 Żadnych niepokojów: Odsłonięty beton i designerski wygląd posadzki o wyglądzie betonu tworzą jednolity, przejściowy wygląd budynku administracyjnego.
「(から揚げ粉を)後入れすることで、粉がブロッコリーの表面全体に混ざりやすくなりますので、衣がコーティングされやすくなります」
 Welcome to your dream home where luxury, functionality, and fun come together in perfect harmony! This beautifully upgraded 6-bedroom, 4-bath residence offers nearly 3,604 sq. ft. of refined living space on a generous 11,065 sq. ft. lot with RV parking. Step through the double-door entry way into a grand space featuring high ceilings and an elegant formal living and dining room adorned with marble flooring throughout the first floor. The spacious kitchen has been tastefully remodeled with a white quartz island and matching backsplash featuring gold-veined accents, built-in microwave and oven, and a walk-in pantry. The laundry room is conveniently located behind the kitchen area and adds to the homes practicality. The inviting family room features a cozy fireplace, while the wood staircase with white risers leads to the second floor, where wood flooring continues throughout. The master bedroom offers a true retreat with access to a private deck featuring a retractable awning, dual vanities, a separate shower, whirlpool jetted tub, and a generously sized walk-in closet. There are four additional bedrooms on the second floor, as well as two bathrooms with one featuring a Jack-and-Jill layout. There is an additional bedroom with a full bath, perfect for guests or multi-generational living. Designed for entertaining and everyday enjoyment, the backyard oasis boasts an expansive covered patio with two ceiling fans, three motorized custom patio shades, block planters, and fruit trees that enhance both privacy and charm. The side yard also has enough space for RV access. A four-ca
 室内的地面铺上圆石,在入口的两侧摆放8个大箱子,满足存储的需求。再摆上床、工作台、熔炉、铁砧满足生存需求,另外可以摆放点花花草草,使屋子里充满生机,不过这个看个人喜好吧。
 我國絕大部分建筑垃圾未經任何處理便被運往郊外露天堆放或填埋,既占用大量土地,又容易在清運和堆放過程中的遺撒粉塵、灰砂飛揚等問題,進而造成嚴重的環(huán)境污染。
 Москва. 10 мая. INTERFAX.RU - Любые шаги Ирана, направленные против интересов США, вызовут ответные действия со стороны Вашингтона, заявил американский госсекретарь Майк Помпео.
------------------------------------------------------------
**Exercise instructions**
With every line intact, reproduce the listing verbatim.

**Written solution**
 Żadnych niepokojów: Odsłonięty beton i designerski wygląd posadzki o wyglądzie betonu tworzą jednolity, przejściowy wygląd budynku administracyjnego.
「(から揚げ粉を)後入れすることで、粉がブロッコリーの表面全体に混ざりやすくなりますので、衣がコーティングされやすくなります」
 Welcome to your dream home where luxury, functionality, and fun come together in perfect harmony! This beautifully upgraded 6-bedroom, 4-bath residence offers nearly 3,604 sq. ft. of refined living space on a generous 11,065 sq. ft. lot with RV parking. Step through the double-door entry way into a grand space featuring high ceilings and an elegant formal living and dining room adorned with marble flooring throughout the first floor. The spacious kitchen has been tastefully remodeled with a white quartz island and matching backsplash featuring gold-veined accents, built-in microwave and oven, and a walk-in pantry. The laundry room is conveniently located behind the kitchen area and adds to the homes practicality. The inviting family room features a cozy fireplace, while the wood staircase with white risers leads to the second floor, where wood flooring continues throughout. The master bedroom offers a true retreat with access to a private deck featuring a retractable awning, dual vanities, a separate shower, whirlpool jetted tub, and a generously sized walk-in closet. There are four additional bedrooms on the second floor, as well as two bathrooms with one featuring a Jack-and-Jill layout. There is an additional bedroom with a full bath, perfect for guests or multi-generational living. Designed for entertaining and everyday enjoyment, the backyard oasis boasts an expansive covered patio with two ceiling fans, three motorized custom patio shades, block planters, and fruit trees that enhance both privacy and charm. The side yard also has enough space for RV access. A four-ca
 室内的地面铺上圆石,在入口的两侧摆放8个大箱子,满足存储的需求。再摆上床、工作台、熔炉、铁砧满足生存需求,另外可以摆放点花花草草,使屋子里充满生机,不过这个看个人喜好吧。
 我國絕大部分建筑垃圾未經任何處理便被運往郊外露天堆放或填埋,既占用大量土地,又容易在清運和堆放過程中的遺撒粉塵、灰砂飛揚等問題,進而造成嚴重的環(huán)境污染。
 Москва. 10 мая. INTERFAX.RU - Любые шаги Ирана, направленные против интересов США, вызовут ответные действия со стороны Вашингтона, заявил американский госсекретарь Майк Помпео.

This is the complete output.